A: It was a real community plan. Fenton conducted 11 in-person forums, two scientific telephone surveys and three online surveys over six months. Across all vehicles, we received over 1,000 responses that helped shape the plan that is now on the ballot. Click here to browse our Community Engagement webpage.

Q: When is the referendum vote?
A: Mail-in ballots can be requested after March 30 by contacting the DuPage County Clerk’s Office. Early in-person voting is scheduled to begin June 13. The traditional in-person election day is June 28. The Fieldhouse at Fenton High School will be a polling place for the June 28 election.

Q: How much would the referendum cost me if approved by voters?
A: About $395 per year for a home worth $229,000, which is the average home value in District 100. Construction would take place in phases and debt would accrue as it went of construction, which means that tax payments would initially be lower and gradually increase. More information and an interactive tax estimator can be found on our Referendum Tax Information webpage (click here).

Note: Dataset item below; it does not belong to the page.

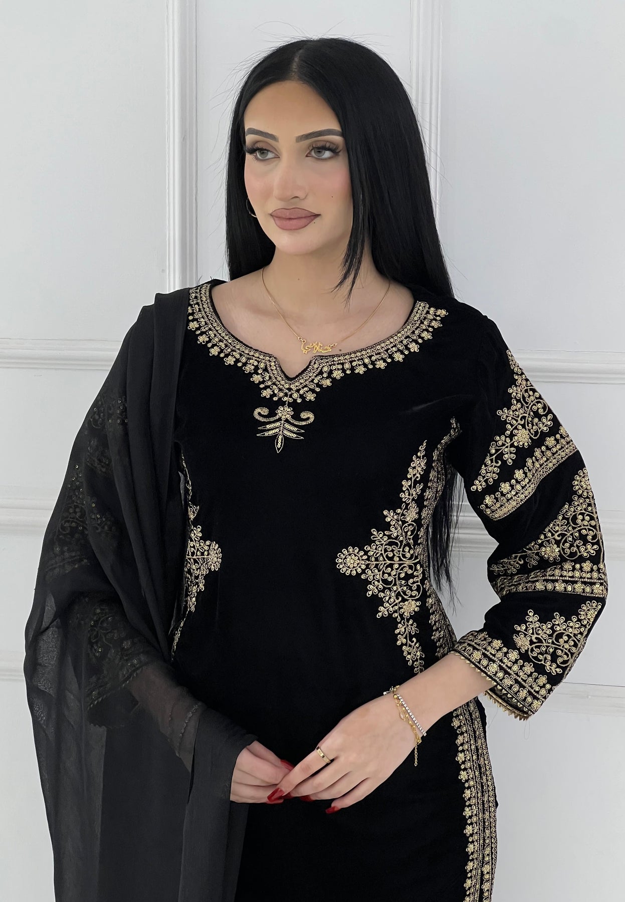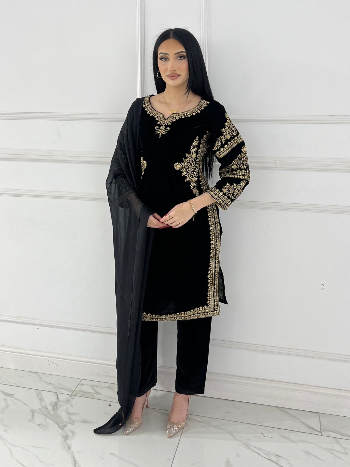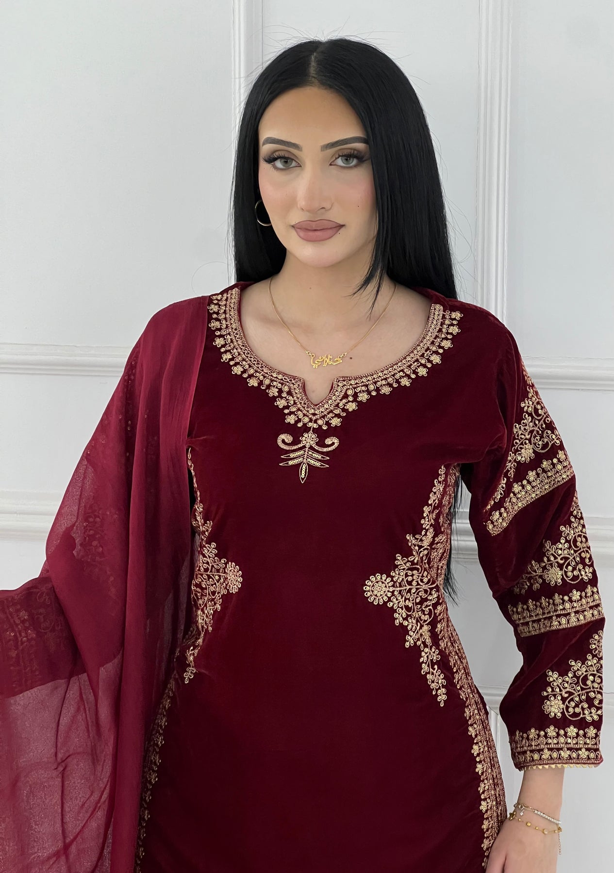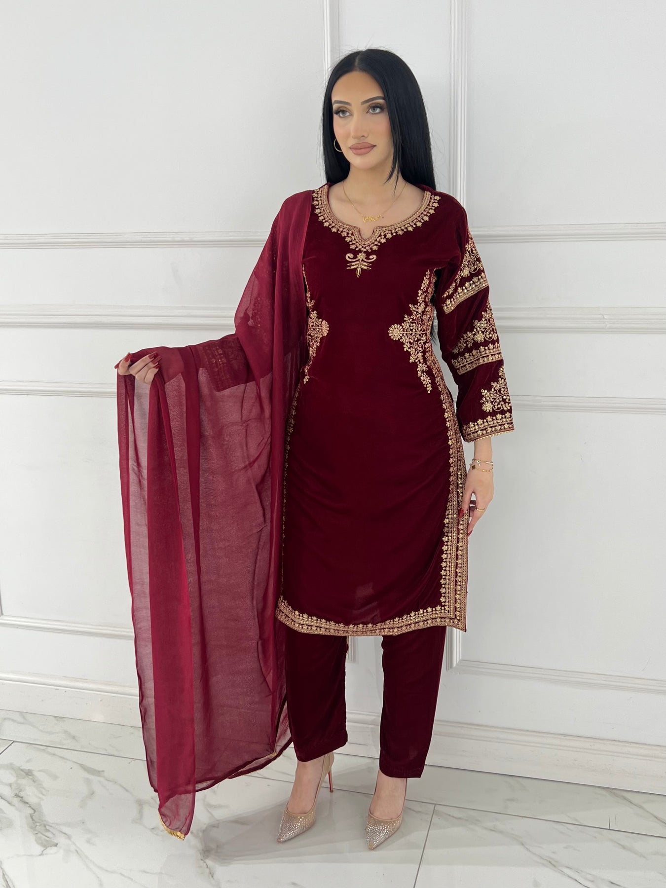 This exquisite three-piece velvet suit features intricate embroidery paired with a delicate chiffon duppatta, creating a look of refined elegance.

Q: When was the last time Fenton held a referendum?
A: The last referendum took place in 1975 and resulted in the construction of the auditorium, the adjoining wing of the two-storey classroom, the country house and adjoining classrooms for vocational education and technical.

Q: When was Fenton first built?
A: The main central parts of Fenton High School were built in 1955.

Q: What sporting events are not possible at Fenton?
A: Most soccer practices and all soccer matches take place at a rental facility. Likewise, our baseball teams have limited options to practice at Fenton and play all of their games off-campus on land leased by Fenton. Our tennis teams cannot organize tournaments on campus.

Q. Will bonds approved by referendum be used to cover salaries and benefits?
A. No. The bonds will only be used to finance necessary infrastructure projects. According to the law, these funds must only be used for this purpose, because the language of the referendum is legally binding. We will continue to fund salaries and benefits from our standard operating budget. All funds approved by the community for their school will be 100% invested in improving our school infrastructure.